FAIRLESS HILLS, PA (AP) — Investors fled drug developer BioMarin in droves on Wednesday, driving shares down by a third after U.S. regulators rejected the company’s potentially game-changing gene therapy for hemophilia A patients.
The rejection late Tuesday by the U.S. Food and Drug Administration means the San Rafael, California-based company will have to complete an ongoing late-stage patient study, delaying possible approval for a couple years.
The therapy, which could have freed hemophilia A patients from frequent infusions of a blood-clotting therapy to prevent dangerous internal bleeding, had been highly anticipated by doctors, patients and investors.

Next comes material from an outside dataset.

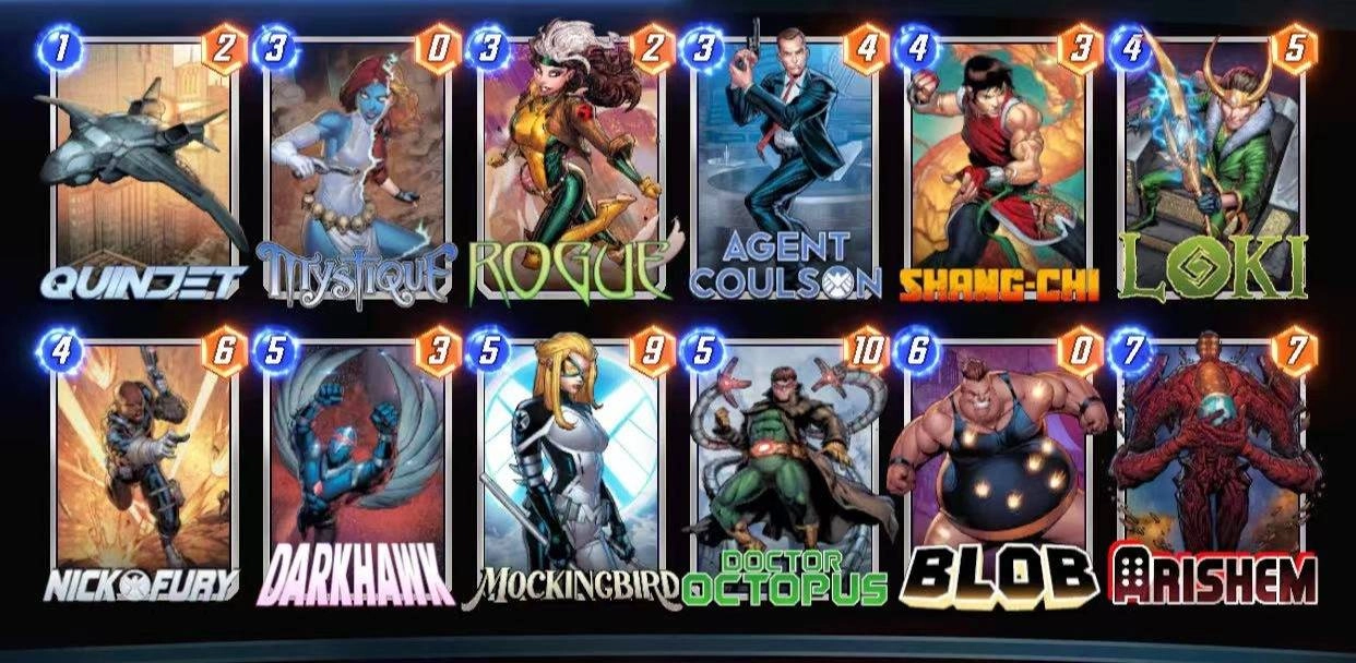 在游戏过程中,我们得依据手牌以及战场的实际状况,灵活地对卡牌进行搭配,构建出能够压制对手的组合。关于心理战术方面,共用回合制增添了心理战术的维度,尤其是在《漫威终极逆转》里翻倍功能的运用。我们要借助信息差误导对手、隐匿真实牌力、点击翻倍进行诈唬等方式,以此获取战术优势。接下来,让我们通过一个具体的游戏实例,对共用回合制在《漫威终极逆转》中的实际应用展开分析。此处我选用的是一套在当前环境下极为强势的阿里瑟姆卡组(玩家们戏称其为三体人卡组,而将其他卡组一概称作地球人卡组,这种诙谐的称呼体现了阿里瑟姆卡组的强大) 。

Called valoctocogene roxaparvovec, or valrox for short, it would have been the first gene therapy approved in the U.S. for any type of hemophilia, a rare, genetic bleeding disorder in which people don’t have enough of a clotting protein called Factor VIII and repeatedly suffer internal bleeding.
Biomarin’s therapy was meant to free patients with severe hemophilia A from 100 to 150 IV infusions of Factor VII per year to prevent painful, spontaneous bleeding into joints and muscles, which can cause permanent damage to them.
However, questions about whether the therapy would work for a lifetime or just several years arose recently, amid rumors that Biomarin might set a price tag as high as $3 million per patient.
In midday trading, Biomarin Pharmaceutical Inc. shares plunged $40.33, or just over 34%, at $78.21.